Если не поставить фонарь на защелки, потоком воздуха его может сдвинуть вперед: защемит ногу или край одежды, и тогда крышка!

И только когда раскрылся купол парашюта, а вслед за его хлопком где-то справа и выше оглушительно грохнуло — самолет все-таки взорвался в воздухе, — напряжение наконец отпустило меня. Я понял, что все время ждал этого взрыва. Ожидание это и было моим страхом. Поддайся ему — и мы с Ананьевым оказались бы на вражеской территории… Значит, страхом нужно уметь владеть, не давать ему сесть на голову…

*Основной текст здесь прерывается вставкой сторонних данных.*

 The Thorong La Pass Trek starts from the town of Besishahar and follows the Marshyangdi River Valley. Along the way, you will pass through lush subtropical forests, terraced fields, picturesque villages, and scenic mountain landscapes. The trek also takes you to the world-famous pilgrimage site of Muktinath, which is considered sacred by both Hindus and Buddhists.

Одним это дается легче, другим труднее. Но помнить нужно одно: трусом не рождаются, трусом становятся. Страх, если вдуматься, даже полезная вещь — он сигнализирует об опасности. Это ценно, но этим и исчерпывается его генетический, закрепленный в процессе эволюции смысл. Все же остальное, так сказать, благоприобретенное. Страх в своей первоочередной основе — сигнал, но сигнал, обладающий коварным свойством перерождать свою собственную первоначальную сущность. Предоставленный самому себе, лишенный противодействия со стороны воли, страх, как раковая опухоль, начинает расти вглубь и вширь, порабощая психику. Когда-то полезный, он незаметно, исподволь превращается в свою противоположность; сигнализируя об опасности, страх теперь сам становится опасностью. Высшая его форма — паника — сковывает силы, делает человека беспомощным.

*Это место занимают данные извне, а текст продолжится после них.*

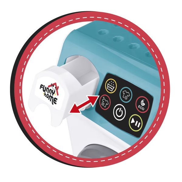 The washing machine reproduces the operation of real washing machines: button with on/off function to activate washing, detergent basket that can be opened, 4 washing programs , rotating basket.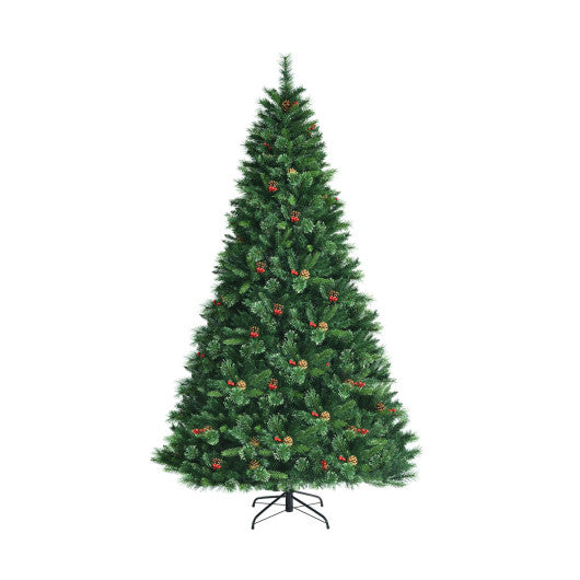 This amazing artificial Christmas tree will be an excellent addition to your holiday decorations. The soft lighting creates a relaxed and warm atmosphere for your home office or holiday party helping you relieve stress and enjoy a relaxing holiday. The new PVC and PE material-made branches are safe and environmentally friendly which are odorless non-allergenic and non-flammable. You don't have to worry about installation since the 3-stage design structure hinged branches and foldable metal stand save a lot of time and energy for you to assemble disassemble and store the Christmas tree. With natural and lifelike appearance high-quality and full configuration this pre-decorated Christmas tree will never let you down. Bright red berries and brown pine cones add festive atmosphere Crafted with PVC tip PE tips and pine needles for a dense appearance 500 UL listed LED lights provide warm and joyous charm Hinged branches save time and effort to fluffing and installation Foldable metal stand improves stability and prevents tipping Ideal for celebrating holidays and decorating life

Но процесс этот, к счастью, обратим. С помощью воли, длительных, упорных тренировок страх можно обуздать, поставить под контроль сознания. Вообще говоря, пугает чаще не сама действительность, а ее восприятие — те индивидуальные искажения, которые накопились в сознании в результате неправильного или неполноценного жизненного опыта. Стоит, к примеру, вспомнить ту типичную метаморфозу, которая неизбежно происходит со всяким робким подростком после нескольких лет занятий в секции бокса. Страх перед чужими кулаками у него навсегда изжит; точнее, страх в какой-то мере все равно остался, и это только естественно, это нормально, так оно и должно быть, но это уже не тот страх, что раньше, теперь он очистился от всего надуманного, нафантазированного, наносного, от всей наросшей на нем шелухи, стал тем, чем ему и положено быть, — простой реакцией на опасность.

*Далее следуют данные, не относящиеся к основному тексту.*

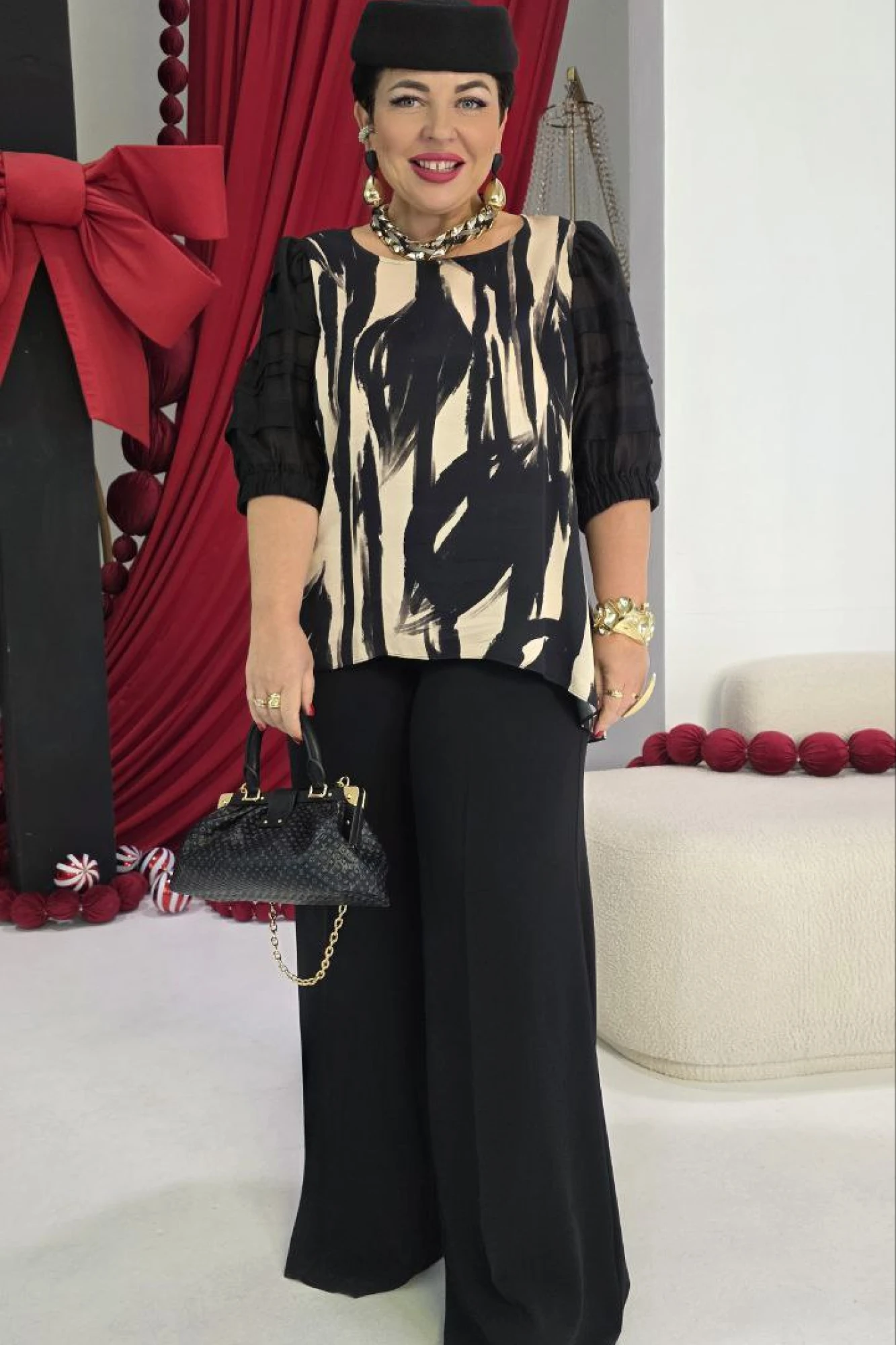 Брючный костюм Vittoria Queen 27633 черный, бежевый двойка

То же самое происходит и на фронте. Солдат изживает не сам страх, он как бы укрощает его, добирается до его подлинного, сформированного самой природой ядра, приводит к норме в шкале житейских ценностей, ставя тем самым его не над волей, не над сознанием, а под их контроль. Я, конечно, не имею в виду тех запущенных случаев, когда страх становится патологией, частью искалеченного характера, когда он настолько гипертрофирован, что постоянно содержит в себе тенденцию перерастать в панику. Тут, видимо, уже ничего нельзя изменить. Обычно же, если войну рассматривать лишь в этом аспекте, она закаляет нервы, учит видеть опасность не через искаженную призму нафантазированных ужасов, а такой, какова она есть. И тогда преодоленное, но не подавленное чувство страха, помимо основной своей функции — предупреждать об опасности, вдобавок активизирует психику, мобилизуя внутренние резервы человека. Делает его в критические минуты не только более осмотрительным и собранным, но и подчас более дерзким.